Assessment of examiner leniency and stringency ('hawk-dove effect') in the MRCP(UK) clinical examination (PACES) using multi-facet Rasch modelling
1 Department of Psychology, University College London, Gower Street, London WC1E 6BT, UK
2 MRCP(UK) Central Office, 11 St Andrews Place, Regents Park, London NW1 4LE, UK
BMC Medical Education 2006, 6:42 doi:10.1186/1472-6920-6-42Published: 18 August 2006
A potential problem of clinical examinations is known as the hawk-dove problem, some examiners being more stringent and requiring a higher performance than other examiners who are more lenient. Although the problem has been known qualitatively for at least a century, we know of no previous statistical estimation of the size of the effect in a large-scale, high-stakes examination. Here we use FACETS to carry out a multi-facet Rasch modelling of the paired judgements made by examiners in the clinical examination (PACES) of MRCP(UK), where identical candidates were assessed in identical situations, allowing calculation of examiner stringency.

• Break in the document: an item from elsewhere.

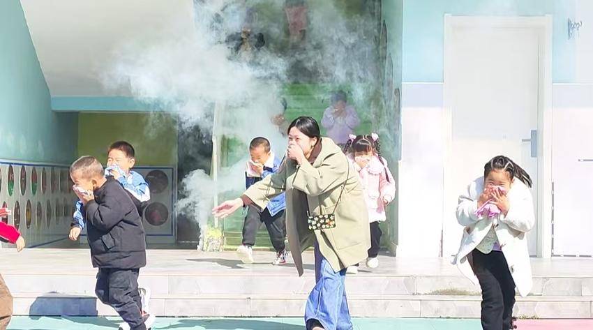 随着消防警报声和地震预警信号的响起,消防地震演练正式开始。烟幕弹释放的安全烟雾迅速弥漫在指定区域。正在教室里进行活动的老师们迅速组织幼儿用湿毛巾捂住口鼻,弯腰低姿,按照预定的疏散路线有序撤离教室。同时,各楼层的安全引导员也在第一时间到达指定位置,协助疏散队伍快速、安全地通过楼梯、走廊等区域,确保疏散过程中不发生拥挤、踩踏等事故。到达操场后,各班级教师迅速清点人数,并向演练总指挥报告。整个疏散过程只用了1分多钟,做到了快速、安全、有序。

Data were analysed from the first nine diets of PACES, which were taken between June 2001 and March 2004 by 10,145 candidates. Each candidate was assessed by two examiners on each of seven separate tasks. with the candidates assessed by a total of 1,259 examiners, resulting in a total of 142,030 marks. Examiner demographics were described in terms of age, sex, ethnicity, and total number of candidates examined.
FACETS suggested that about 87% of main effect variance was due to candidate differences, 1% due to station differences, and 12% due to differences between examiners in leniency-stringency. Multiple regression suggested that greater examiner stringency was associated with greater examiner experience and being from an ethnic minority. Male and female examiners showed no overall difference in stringency. Examination scores were adjusted for examiner stringency and it was shown that for the present pass mark, the outcome for 95.9% of candidates would be unchanged using adjusted marks, whereas 2.6% of candidates would have passed, even though they had failed on the basis of raw marks, and 1.5% of candidates would have failed, despite passing on the basis of raw marks.
Examiners do differ in their leniency or stringency, and the effect can be estimated using Rasch modelling. The reasons for differences are not clear, but there are some demographic correlates, and the effects appear to be reliable across time. Account can be taken of differences, either by adjusting marks or, perhaps more effectively and more justifiably, by pairing high and low stringency examiners, so that raw marks can be used in the determination of pass and fail.